The coronavirus lockdown will ease next week for most of Britain’s population, Boris Johnson announced yesterday, as a row persisted over the prime minister’s closest adviser taking a long-distance journey during lockdown.
In England, up to six people will be able to meet outside and schools will gradually reopen from Monday, Johnson said at a news conference where he was again challenged over his aide Dominic Cummings’ decision to drive 425kms during lockdown.
“These changes mean that friends and family can start to meet their loved ones, perhaps seeing both parents at once or grandparents at once,” he said, adding that outdoor retailers and car showrooms would also be able to open from Monday.
“You could have meetings of families in a garden, you could even have a barbecue provided you did it in a socially distanced way, provided everybody washes their hands, provided everybody exercises common sense.”
Johnson stressed that the changes were “small tentative steps forward”, and health experts warned the situation remained finely balanced with new cases declining, but not very quickly.
The devolved governments in Scotland, Wales and Northern Ireland are responsible for their own public health policy.
Johnson’s announcement came hours after more lawmakers from his Conservative Party called for Cummings to quit.
The prime minister also faces criticism for his handling of a pandemic that has left Britain with the world’s second-highest death toll.
Cummings travelled from London to Durham in March with his four-year-old son and his wife, who was sick at the time, to be close to relatives.
A YouGov opinion poll showed a majority of Britons think Cummings should resign for — in their view — breaking the lockdown rules, but Johnson has said he acted with integrity.
At the news conference, Johnson blocked questions from journalists put to his top medical and scientific officials about Cummings’ behaviour.
Johnson said he wanted to “protect them from...an unfair and unnecessary attempt to ask a political question”.
The two officials, chief medical officer Chris Whitty and chief scientific adviser Patrick Vallance, also said they did not want to be drawn into politics.
Meanwhile, police in Durham said Cummings will not face action despite a possible “minor breach” of coronavirus lockdown rules. Cummings has been under investigation by police in Durham.
The Durham Constabulary did not consider the March 27 trip as an offence, and said they also investigated an April 12 drive where Cummings said he drove to Barnard Castle to test his eyesight.
Police concluded that there might have been “a minor breach” of lockdown regulations, citing automatic number plate recognition (ANPR), witness evidence and remarks Cummings made at a May 25 press conference.
“Durham Constabulary view this as minor because there was no apparent breach of social distancing,” the statement read.
If a police officer had stopped Cummings “driving to or from Barnard Castle, the officer would have spoken to him, and, having established the facts, likely advised Cummings to return to the address in Durham,” the statement added.

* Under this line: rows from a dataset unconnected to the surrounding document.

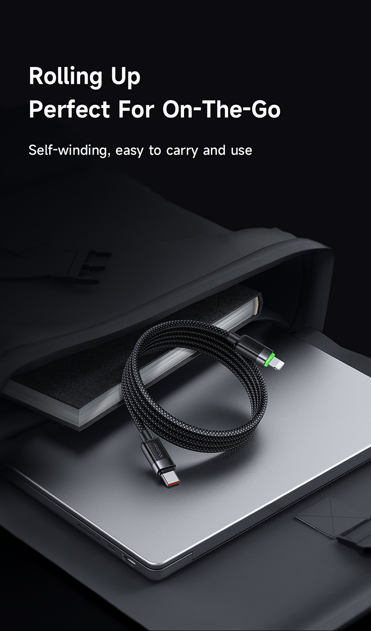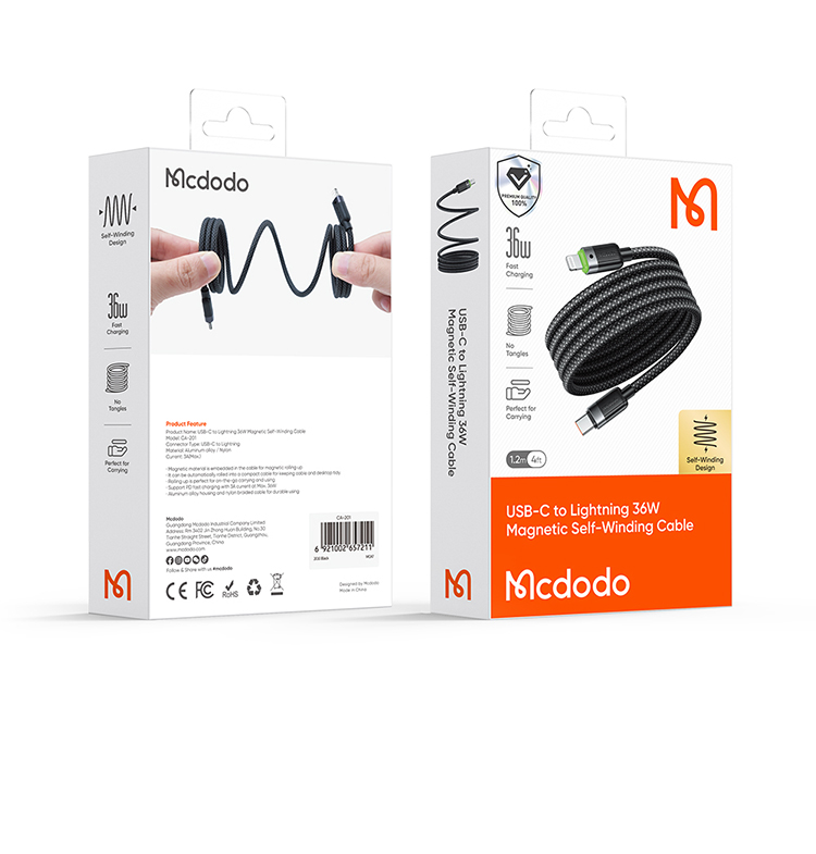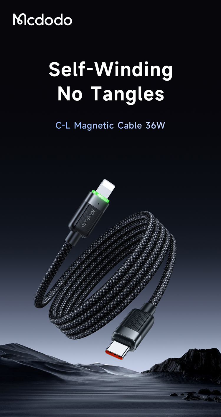 MCDODO CA2010 USB-C TO LIGHTNING 36W MAGNETIC SELF-WINDING DATA CABLE 1.2M – BLACK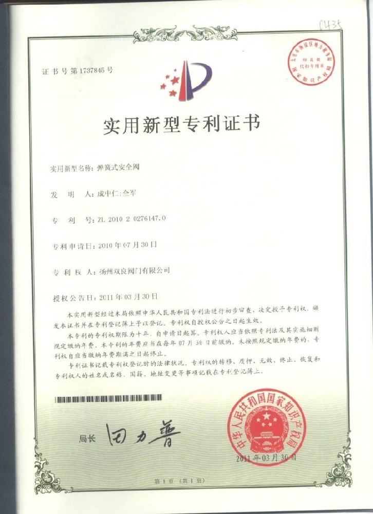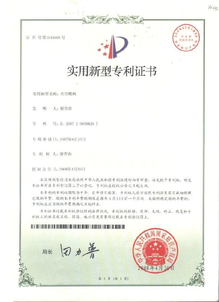 實用新型(xíng)專利證書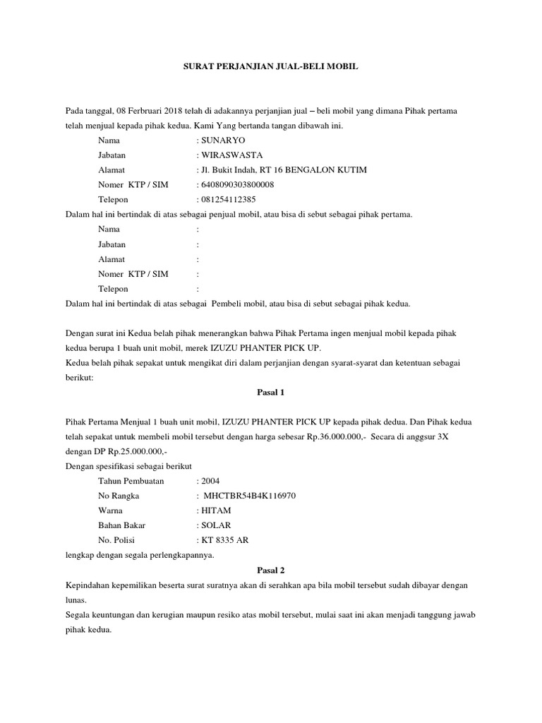 Draft Lengkap Surat Perjanjian Jual Beli Mobil Portalinvestasi Com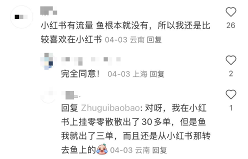 惊蛰研究所在蹲守小红书二手闲置帖以及评论区的过程中发现,流量大、“刀客”少,反应速度快,即当下俗称的活人感,是不少卖家选择小红书出闲置的主要原因。比如,有网友分享,自己在小红书上陆陆续续出了30多单,在某二手交易平台才成交3单,就连这三单还是从小红书上引流过去的。小红书的反应速度依赖于其庞大的用户基数。数据显示,2024年年末,小红书月活跃用户数均值稳定在3.3亿左右,2024年6月,日活用户达到1.29亿。

A spokesman for the prime minister said Johnson believed Cummings “behaved reasonably and legally given all the circumstances and he regards this issue as closed,” the Press Association (PA) news agency reported.
The dispute over Cummings has prompted some to lose faith in the government’s strategy, with many people unable to understand how a senior official had broken the rules by driving across the country when the government repeatedly told people to “stay home” and “save lives”.
The move to ease lockdown measures came as England launched a new testing and contact tracing system yesterday for Covid-19 patients, seen as crucial to helping ease lockdown measures. Contacts of those who test positive for Covid-19 will be asked to isolate for 14 days, even if they have no symptoms.
The tracing service, which will have a task-force of 40,000 specialists to test those with symptoms and identify their contacts, will initially rely on what the government described as people doing their “civic duty”, but sanctions could be introduced if people did not comply.
Scotland, Wales and Northern Ireland have similar programmes just about to launch or already running.
Britain abandoned a strategy of testing and tracing in March when the virus started spreading exponentially and there was insufficient capacity to test more than a fraction of those with symptoms.